=== PROBLEM DETAILS ===
Set down exactly the lines from the first line of the records through the line that contains "(2)四线串行时接口引脚功能", and leave every picture out.

=== EXERCISE DATA ===
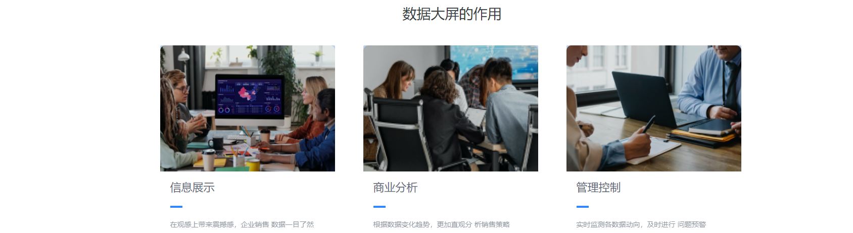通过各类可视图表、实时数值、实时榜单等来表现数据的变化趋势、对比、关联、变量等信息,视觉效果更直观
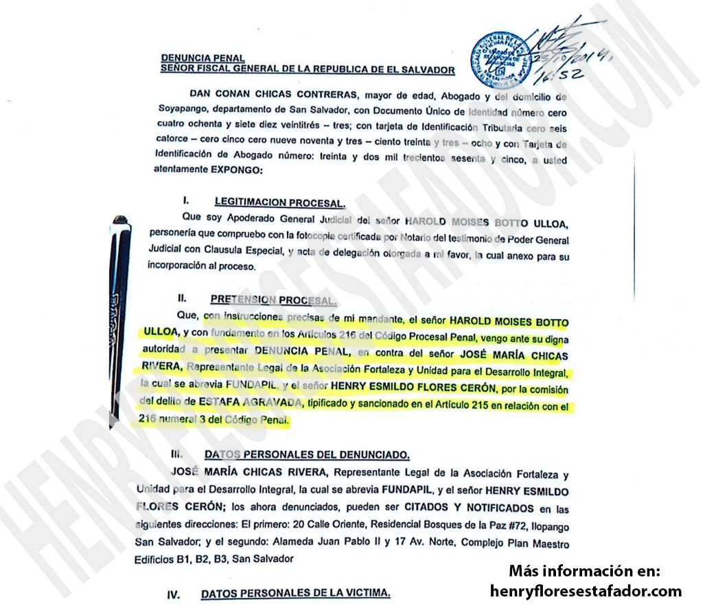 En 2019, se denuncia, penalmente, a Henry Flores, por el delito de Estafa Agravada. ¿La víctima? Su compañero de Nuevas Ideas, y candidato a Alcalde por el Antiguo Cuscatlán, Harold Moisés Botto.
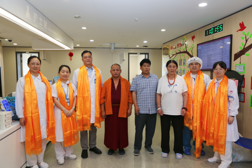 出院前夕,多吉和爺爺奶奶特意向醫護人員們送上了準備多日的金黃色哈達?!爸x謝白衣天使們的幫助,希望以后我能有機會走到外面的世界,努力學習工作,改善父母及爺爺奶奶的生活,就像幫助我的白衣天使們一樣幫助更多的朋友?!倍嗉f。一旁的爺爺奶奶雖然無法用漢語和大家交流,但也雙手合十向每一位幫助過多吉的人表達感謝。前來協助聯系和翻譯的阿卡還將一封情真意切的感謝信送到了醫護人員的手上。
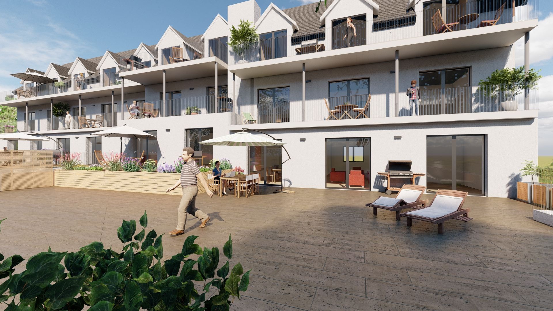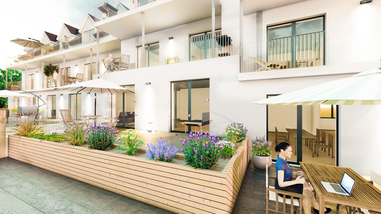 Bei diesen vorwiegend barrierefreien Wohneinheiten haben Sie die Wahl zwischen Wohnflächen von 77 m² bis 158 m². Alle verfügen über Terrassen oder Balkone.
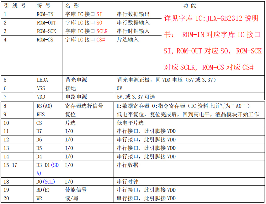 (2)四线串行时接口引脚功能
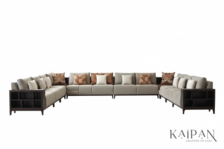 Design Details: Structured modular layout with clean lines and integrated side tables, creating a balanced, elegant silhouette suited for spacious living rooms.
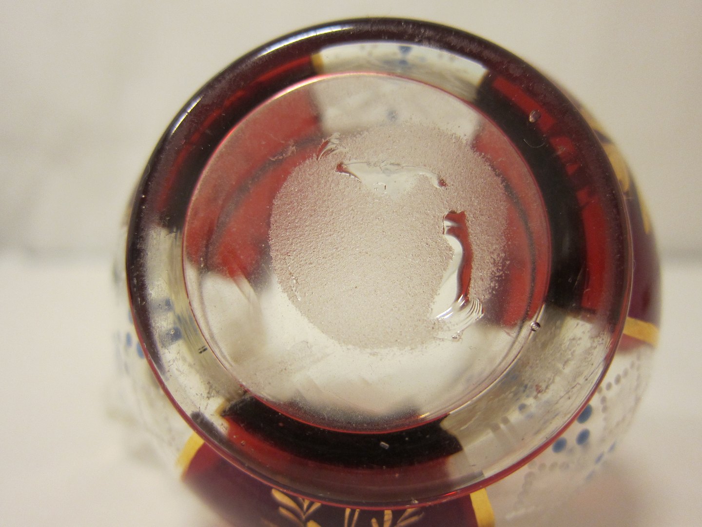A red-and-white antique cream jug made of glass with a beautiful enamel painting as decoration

=== WRITTEN ANSWER ===
通过各类可视图表、实时数值、实时榜单等来表现数据的变化趋势、对比、关联、变量等信息,视觉效果更直观
 En 2019, se denuncia, penalmente, a Henry Flores, por el delito de Estafa Agravada. ¿La víctima? Su compañero de Nuevas Ideas, y candidato a Alcalde por el Antiguo Cuscatlán, Harold Moisés Botto.
 出院前夕,多吉和爺爺奶奶特意向醫護人員們送上了準備多日的金黃色哈達?!爸x謝白衣天使們的幫助,希望以后我能有機會走到外面的世界,努力學習工作,改善父母及爺爺奶奶的生活,就像幫助我的白衣天使們一樣幫助更多的朋友?!倍嗉f。一旁的爺爺奶奶雖然無法用漢語和大家交流,但也雙手合十向每一位幫助過多吉的人表達感謝。前來協助聯系和翻譯的阿卡還將一封情真意切的感謝信送到了醫護人員的手上。
 Bei diesen vorwiegend barrierefreien Wohneinheiten haben Sie die Wahl zwischen Wohnflächen von 77 m² bis 158 m². Alle verfügen über Terrassen oder Balkone.
 (2)四线串行时接口引脚功能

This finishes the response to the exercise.